The issue of displacement by sporting events was reviewed in an issue of Planning Theory and Practice a couple of years back. Libby Porter from Glasgow University was critical of the failure of the planning profession to really grasp just what displacement means to those on the receiving end. The journal then carried short pieces about the experience of residents forced to move by the London Olympics, the Glasgow Commonwealth games in 2014 and the 2010 Winter Olympics in Vancouver. As Porter wrote, they are accounts of “what it feels like to be on the receiving end… human stories of loss, marginalisation and injustice”. Beyond those directly affected there is usually a reduction in the stock of affordable housing.
It was a similar story at the 2010 Commonwealth Games in New Delhi. The politicians saw the Games as an opportunity to present New Delhi to the world as “a world-class city”. However, this involved extensive slum clearance, with residents being either relocated to new housing far away, or simply left to find another plot somewhere else.
A personal note
I remember that about 10 years ago I was invited to be a member of the jury for the design of the Olympic yachting venue at Qingdao in China. When we arrived we were taken on a site visit, which included a walk around what was then a working shipyard. I asked the officials what was to happen to the shipyard, the workers and their families and was told they were all being relocated to another site along the coast. “What if they don’t want to go?” I asked, only to be reassured that they would all move.
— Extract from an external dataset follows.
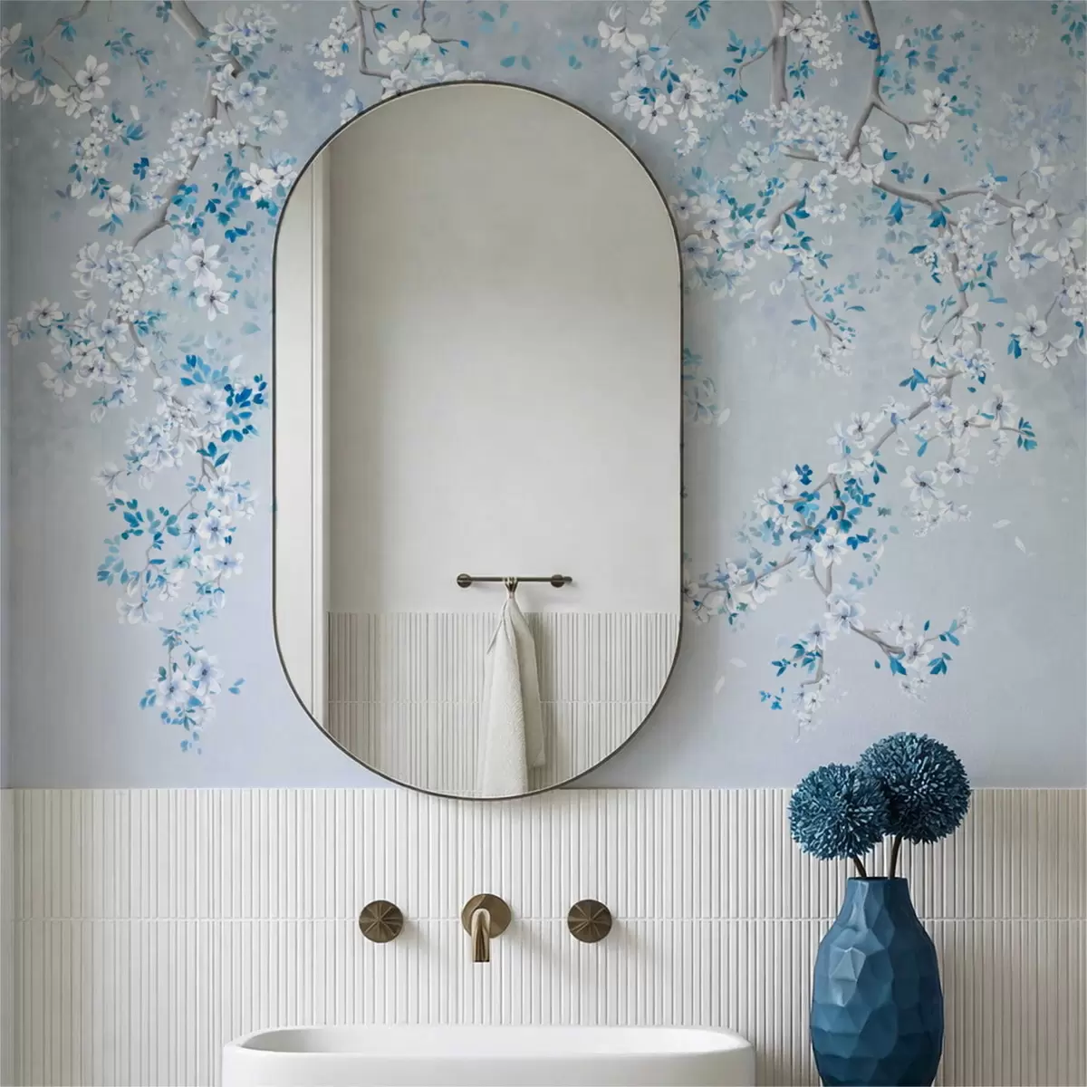 Stenske poslikave Vejice z belimi in modrimi cvetovi na hladnem ozadju Št. w05129v2

So was I complicit in the forced displacement of low income households and businesses to make way for a mega sporting event? Yes, I guess I was. Similarly, all those years ago I worked as a planner on the comprehensive redevelopment of Glasgow. Then much later in my career I was part of a research team that researched “low demand housing and unpopular neighbourhoods” for what I think was then the Department for Environment, Transport and the Regions. We argued that in some situations demolition would be necessary. I still see powers of compulsory purchase – or as the Americans call it “eminent domain” – as a necessary tool of urban planning. I discussed the issue at greater length in a recent book.
The right to the city
So how do you square the circle between the rights of residents and the wider public interest when it comes to the use of land for slums of “higher end” uses? It’s not easy but here are a few propositions. Firstly, the “public interest” case needs to be carefully scrutinised: what interests are defining “the public interest” and what do they stand to gain from it? Private gain from which the original residents are excluded should not be equated with the public interest.
We need to look beyond a utilitarian view of the public interest, a totting up of costs and benefits. Instead the discussion needs to recognise what has come to be known as “the right to the city”. This means amongst other things that the poor and landless have a right to be in the city and to have access to the facilities and advantages that cities can offer. Any relocation needs to be negotiated and equitable, even where those people do not have formal title to land, as is often the case in rapidly urbanising societies.
Furthermore, I would endorse the points that Porter made. Beware a planning process that treats citizens as if they were invisible. She wrote of “the ethos that the poor, homeless and marginalised are simply objects to be removed.” In contrast she argues that planners should see such people as “citizens who matter. They deserve respect for their homes, livelihoods and wellbeing, and to be treated with dignity and care.”